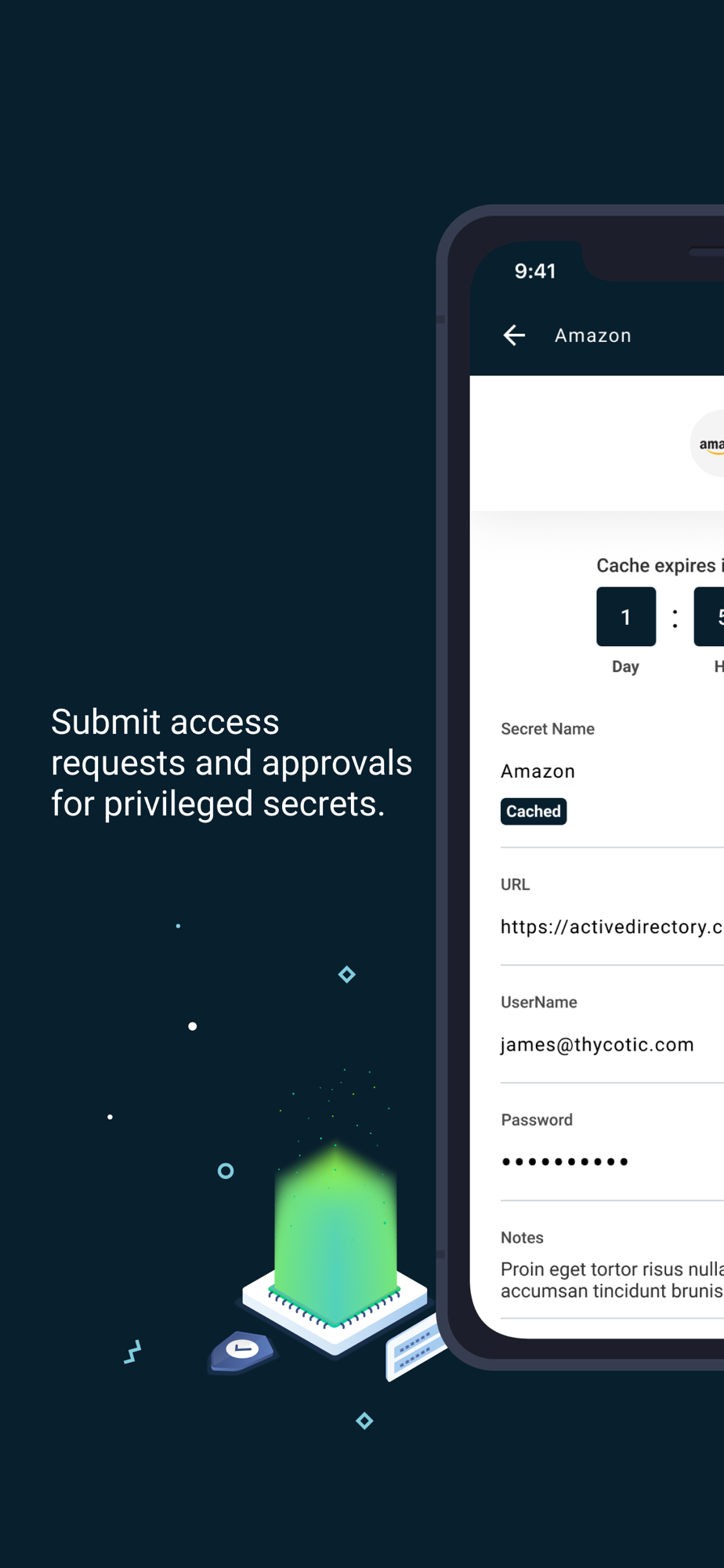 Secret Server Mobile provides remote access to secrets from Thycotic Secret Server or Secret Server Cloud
-------
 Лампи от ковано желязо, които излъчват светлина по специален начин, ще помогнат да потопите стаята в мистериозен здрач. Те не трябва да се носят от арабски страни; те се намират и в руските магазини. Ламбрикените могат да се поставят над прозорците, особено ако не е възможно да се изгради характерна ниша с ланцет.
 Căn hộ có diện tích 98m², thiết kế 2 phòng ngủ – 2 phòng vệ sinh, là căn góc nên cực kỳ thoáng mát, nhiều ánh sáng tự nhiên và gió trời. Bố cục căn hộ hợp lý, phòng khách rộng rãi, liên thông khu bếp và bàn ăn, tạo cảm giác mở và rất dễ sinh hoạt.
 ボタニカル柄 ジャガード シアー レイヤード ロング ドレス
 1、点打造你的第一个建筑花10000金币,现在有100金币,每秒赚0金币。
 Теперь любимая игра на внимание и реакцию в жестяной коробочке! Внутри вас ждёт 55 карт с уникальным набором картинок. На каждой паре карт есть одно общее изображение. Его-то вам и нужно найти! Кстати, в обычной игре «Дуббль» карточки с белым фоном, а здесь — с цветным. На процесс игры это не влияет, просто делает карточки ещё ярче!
-------
■ Problem requirements
Extract from the records above the lines from the one containing "Căn hộ có diện" to the one containing "Теперь любимая игра", both lines included, exactly as they appear and with nothing else.

■ Exercise output
 Căn hộ có diện tích 98m², thiết kế 2 phòng ngủ – 2 phòng vệ sinh, là căn góc nên cực kỳ thoáng mát, nhiều ánh sáng tự nhiên và gió trời. Bố cục căn hộ hợp lý, phòng khách rộng rãi, liên thông khu bếp và bàn ăn, tạo cảm giác mở và rất dễ sinh hoạt.
 ボタニカル柄 ジャガード シアー レイヤード ロング ドレス
 1、点打造你的第一个建筑花10000金币,现在有100金币,每秒赚0金币。
 Теперь любимая игра на внимание и реакцию в жестяной коробочке! Внутри вас ждёт 55 карт с уникальным набором картинок. На каждой паре карт есть одно общее изображение. Его-то вам и нужно найти! Кстати, в обычной игре «Дуббль» карточки с белым фоном, а здесь — с цветным. На процесс игры это не влияет, просто делает карточки ещё ярче!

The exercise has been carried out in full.